Duo-Art Non-Reproducer Piano
By Albert de Boer

Just a few weeks ago I got a call from someone who had heard that
I was "in that player piano stuff", and was wondering if I would be
interested in a player piano that could be mine free as long as
I hauled it away.

So that you know that I live on a small island in the State of Hawaii,
(and yes, we are part of the USA), I am the only one to my knowledge
that has any form of mechanical music instruments or interest on this
particular island, and definitely the only owner of a player piano, or
so I thought for the last seven years that I have been living here.

I asked him what make of piano he had and the answer was "Oh, it's a
Duo-ark or something like that..."  I told him that I would be over in
a less than a wink.  I jumped in my jeep and sped the 10 miles or so
to this home with a "free" Duo-Art, unbelievable...
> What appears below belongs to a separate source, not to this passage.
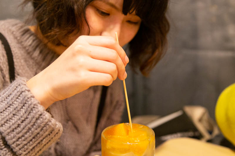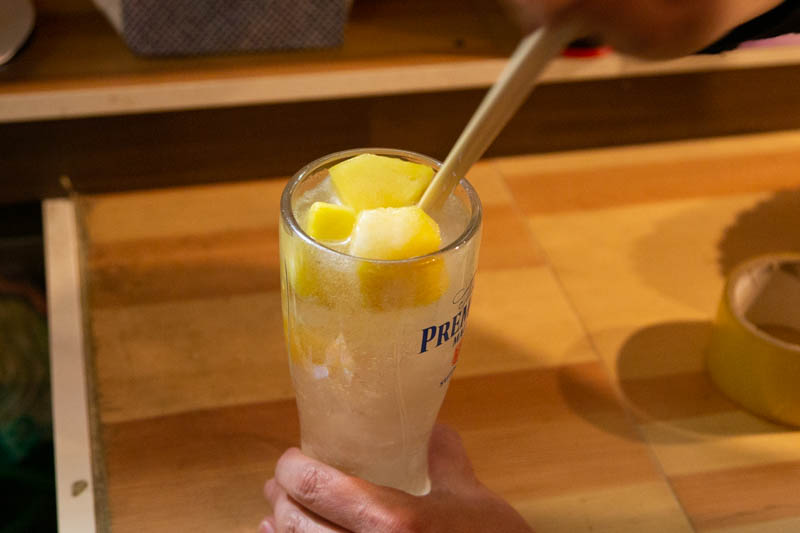 常連のY子さんが実際にパインチューハイをかき混ぜているようす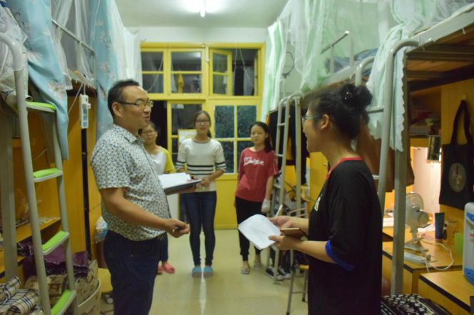 本网讯(通讯员 颜超 廖媛)为了加强学院老师和员工之间的交流,了解员工新学期返校情况和员工安全检查。公司党委书记戴军老师,公司党委副书记吴利华,副经理莫宏敏老师,经理助理陈望学老师,工会主席贺乐平老师,全体辅导员以及各班班主任于2017年9月3日晚下寝探望全体返校员工。

The home was palatial, no wonder they could afford a reproducing
piano, I reasoned.  The owners, "hoales", local slang for everybody not
born on the island, were moving back to "the mainland", as the owner
volunteered as he led me to an already empty room, which had been used
for storage.

There it stood, in all its glory, or obvious lack thereof.  It was a
small spinet with a case of apparently simulated wood. I sheepishly
mumbled, "This is it?"  The owner, without answering the obvious,
lifted the lid, and there -- blazing for all to see -- was stenciled
on the inside, with golden letters, "D U O - A R T".

Yes, it was a player piano of sorts, my guess from the sixties, with
a regular 88-note trackerbar; could have been a 84 or 86, for all
I know, system of unknown manufacture...  No, not a "free" DUO-ART
reproducer, stupid!.

Although still mine for the taking, I politely declined and uttered
something like,  "Donate it to the local college.  They are always
looking for free study pianos."

Question : Does anyone know which manufacturer had the distasteful
audacity to name this so-called piano after a well respected name of
a reproducing system?

Another lesson learned, but no doubt not the last one... sigh...

Albert de Boer


(Message sent Thu 21 Jan 1999, 04:32:05 GMT, from time zone GMT-1000.)